Мы сидим в ней вчетвером, я с женишком и мачеха со своей дочкой.
А я думаю, что неплохо было б, чтоб канат порвался и мы все упали бы вниз.
Потому что замуж ужас как не хочется. Лучше б помереть.
Женишок-то мой старый и толстый гном.
Мне всего восемнадцать, а ему, наверное, добрая сотня лет!
Он толстый, рыхлый и вялый, пыхтит все время.
У него свалявшаяся черная борода, похожая на растрепанный валенок.
Лоснящийся от долгой носки коричневый сюртук и натянутые чуть не до подмышек штаны.
Полосатые чулки на толстых икрах и крепкие туфли с пряжками на ногах.
В его пухлых руках тоже зажат букет чахлых цветов.
И он все время дрожит. Потому что гном смотрит, не отводя взгляда, на меня.
И его колотит от нетерпения.
— Всегда мечтал, — прокаркал он, не сводя с меня жуткого, похотливого взгляда, — попробовать на вкус фазанью курочку! Такую мягкую, такую сочную. Хе-хе…
Я чуть не блюю ему под ноги. Нет, мне лучше не думать, как он будет касаться меня своим волосатыми ручищами… как он станет сжимать своими толстыми пальцами мою грудь…
— Моя фазанья курочка, — рокочет он и более чем красноречиво хватает меня за задницу.
Я прижата к его толстом брюху и к тому, что расположено ниже брюха.
Там, ниже, в потертых коричневых бархатных штанах, твердо, жарко и влажно.
О, за что мне эти мучения?..
— В городе можно снять недурную комнату для утех, — угодливо встревает мачеха, глядя, как жирный гном беззастенчиво меня тискает. — Зачем ждать, если все желания можно реализовать здесь и сейчас? Мы все сделаем ради вас…

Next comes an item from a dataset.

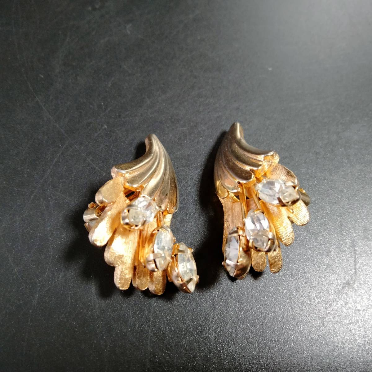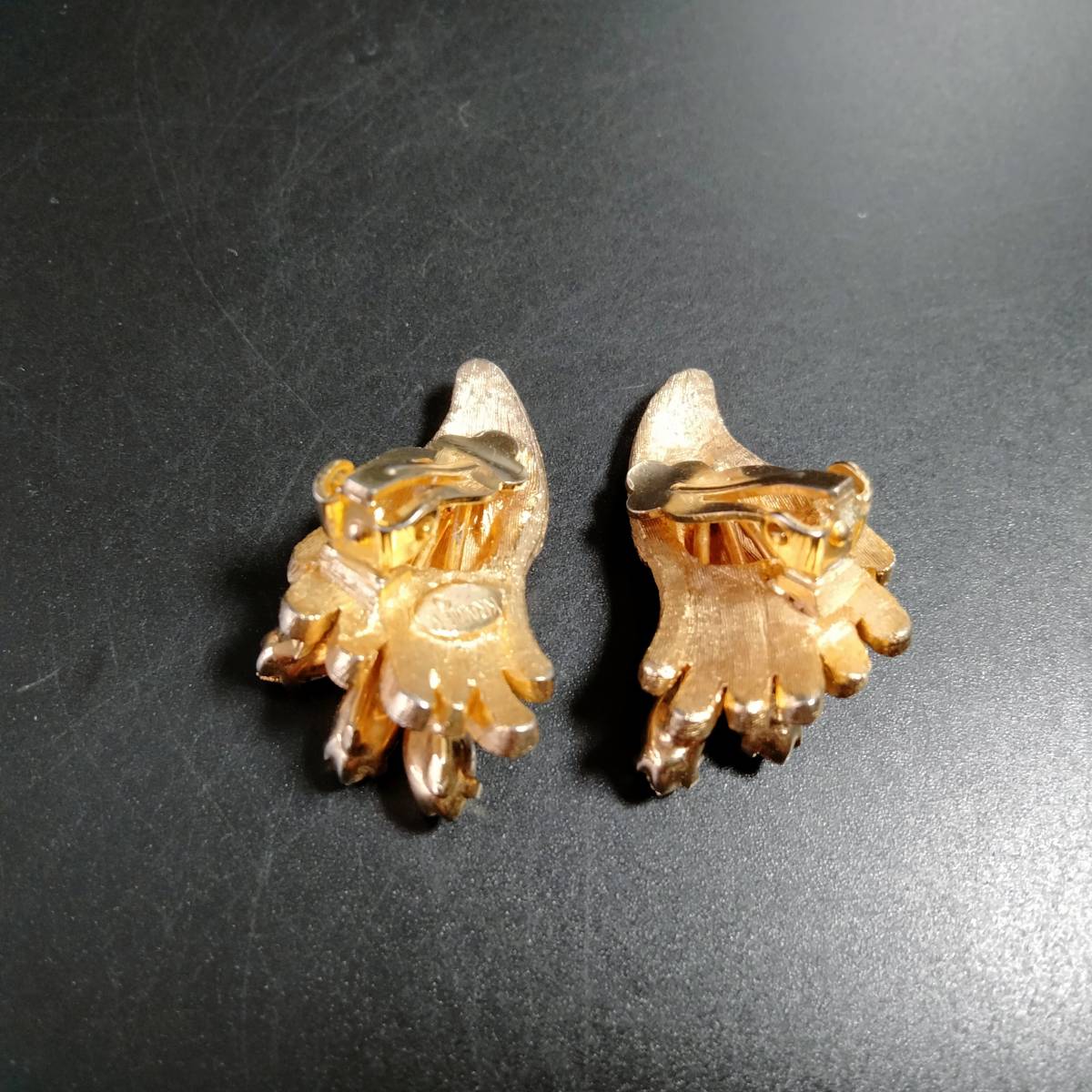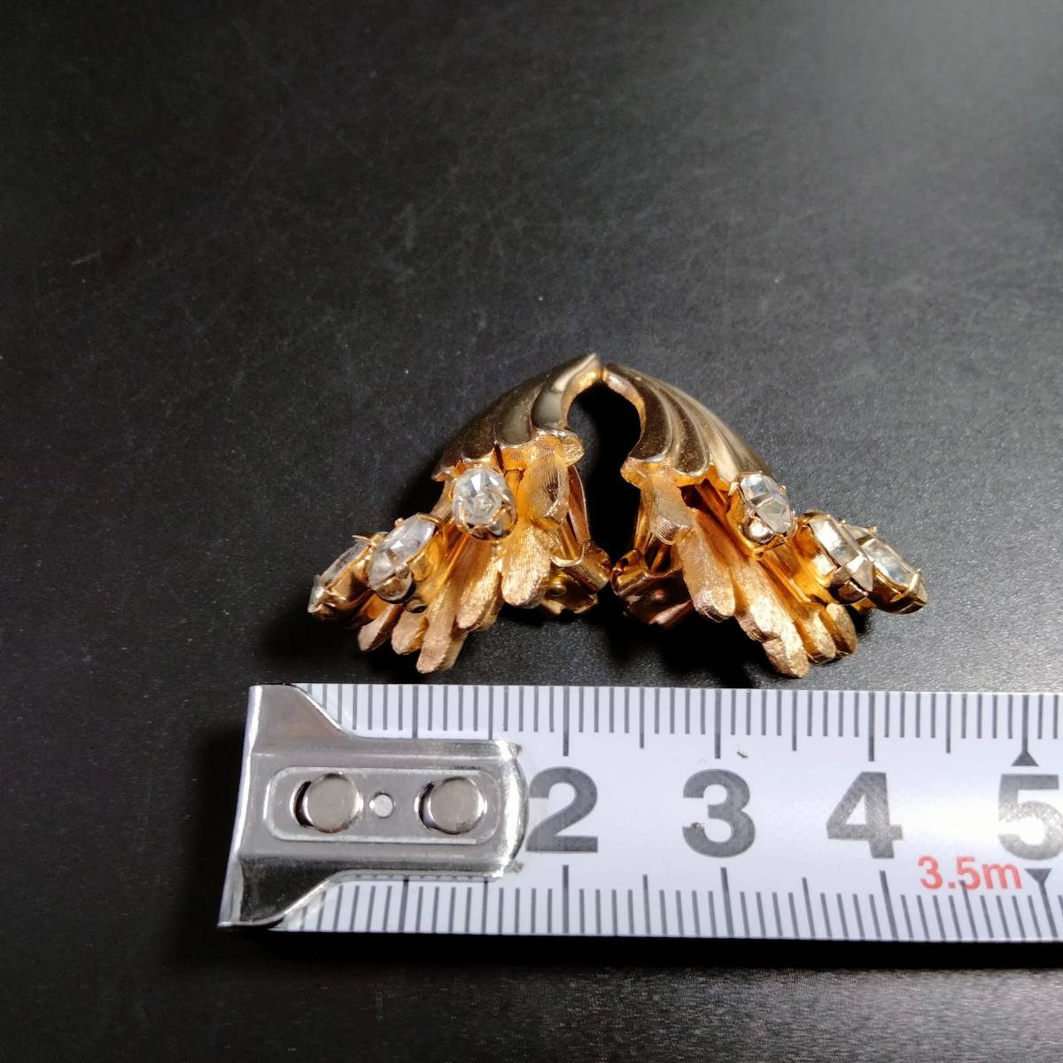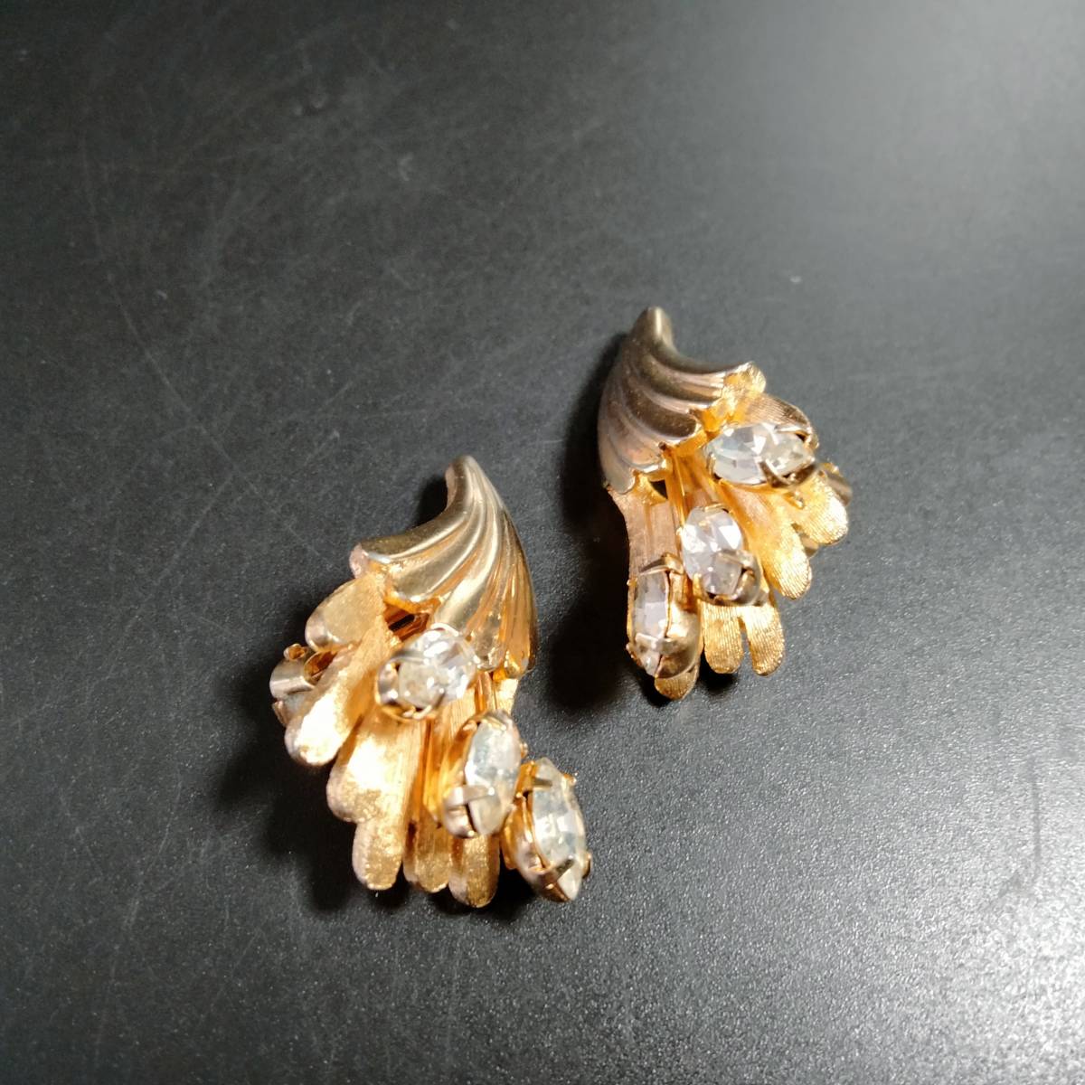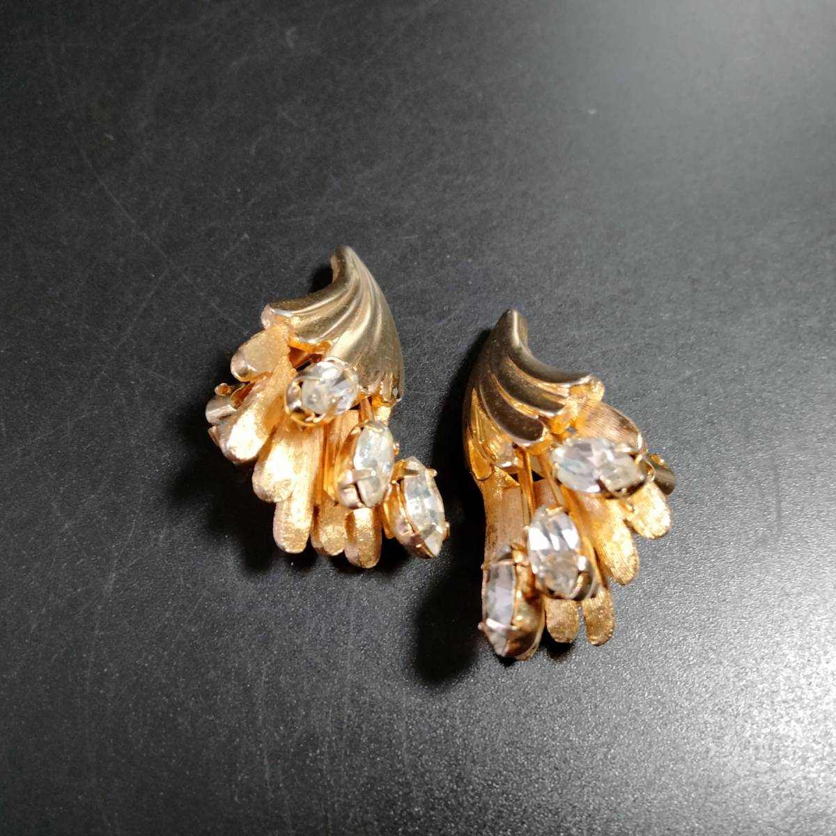 ビンテージ ピアス フラワー 花 クリア ストーン イヤリング ゴールドトーン アールデコ 昭和レトロ コスチューム ジュエリー SFNE7

Меня чуть не выворачивает от омерзения.
Гном облизывается и шумно сопит.
По его лбу градом катится пот.
Вот зачем я ему?!
Мачеха моя гном. И дочь ее гном. Было б логично, если б этот жених не первой свежести сделал предложение не мне, а сводной сестрице.
Они так подходят друг другу.
И она была бы счастлива. Ибо женишок богат. Это сейчас он жмется.
А для жен -то гномы не жалеют ничего.
И мачеха бледнеет и краснеет, припоминая это.
Ей досадно, что такие денежки уплывают из ее рук.
Вот дочке ее такой жених был бы кстати. Да юная гномиха ему глазки строила!
Но я — не гном.
У меня тонкое тело, слабые руки и золотые волосы.
Я никогда и никого, похожего на меня, не видела.
Какого я роду-племени, мне неизвестно.
Думала, так и загнусь в одиночестве, до старости подметая полы мачехи и заваривая ей вечерний чай.
Но нет же!
Привалило же счастье в виде жениха-перестарка!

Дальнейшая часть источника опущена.